In one common form of synaesthesia, letters or numbers are perceived as inherently coloured. 5 is red, 3 is green, 1 is white, 2 is blue so and so forth. These people are completely normal in other ways. Sometimes, sound and colour gets mixed up. C sharp is yellow, perhaps?

Did you know that synaesthesia is 8 times more common in artists, poets, novelists and other creative people?

In the brain, the “colour area” and the “number area” are next to each other. In people with synaesthesia, there is a crosslink between these two areas. This is because the gene which causes the changes in interneuronal connection. Usually, artists have a way of perceiving seemingly mundane things in a different way. (Her lips were like a volcano that’s hot – Elvis Presley). There is a link between these things. You can read more about this here.

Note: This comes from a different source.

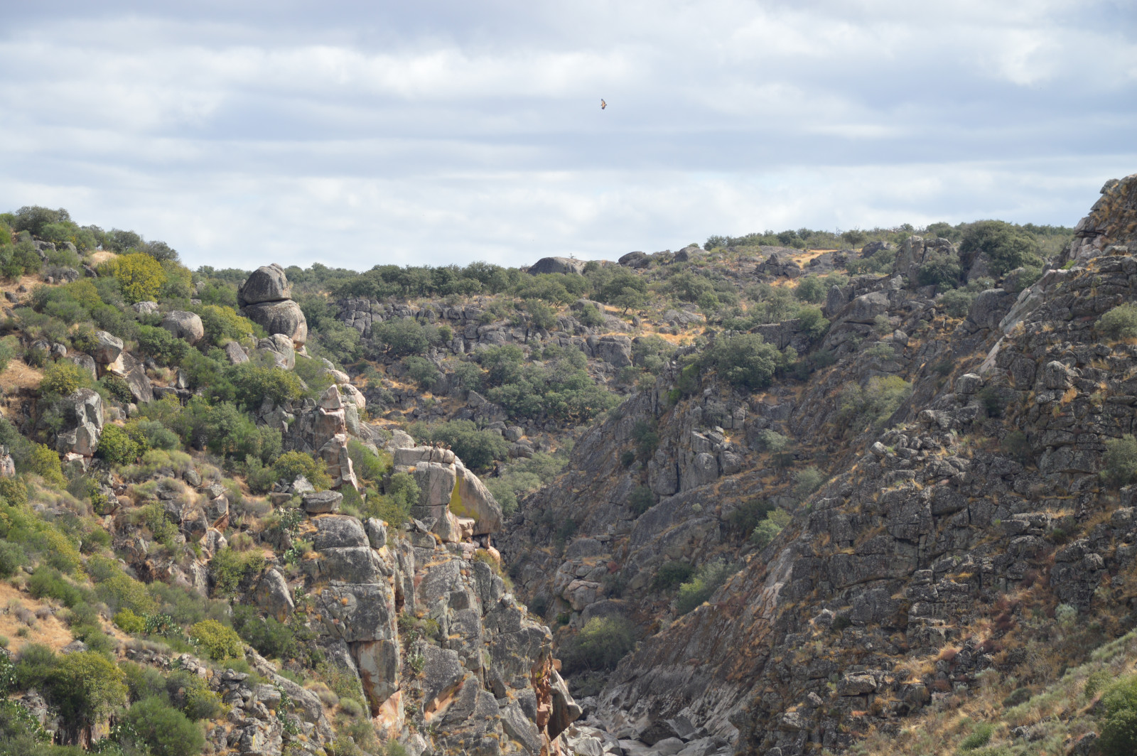 Canhão do Erges is one of the most inhospitable and remote places in Portugal. The Erges is still a wild river with great erosive capacity that led to the formation of three impressive gorges within a short distance. Exploring these canyons, where the river flows at a depth of 150 m, is a perfect opportunity to discover a great diversity of birds. The cliffs are an important nesting and resting place for Grifo-comum, Abutre do Egipto, Black Vulture, Cegonha-preta, Águia de Bonelli, Melro-azul and Bufo-real. Here, the skies are also crossed by birds of prey like Águia-cobreira, Águia-calçada, Águia-real, Milhafre-real, Milhafre-preto, Águia-d'asa-redonda and aerial birds such as Andorinhão-real, Andorinhão-preto, Andorinha-das-barreiras, Andorinha-das-chaminés, Andorinho-dos-beirais, Androinha-das-rochas and Andorinha-dáurica.

Just a few more things to say: Each neuron makes 1000 – 10,000 contacts with other neurons in the brain. That is a lot! This blog is not a review of any one particular paper. I will leave that to someone who is an expert in that particular field. What I want to achieve by posting this blog is to create an interest in neurosciences amongst budding scientists. There are a lot of things being done in this particular area and yet, we have only taken baby steps in our understanding of the brain and its functions. If we join this research, then we will surely be able to understand more about ourselves and our behaviour.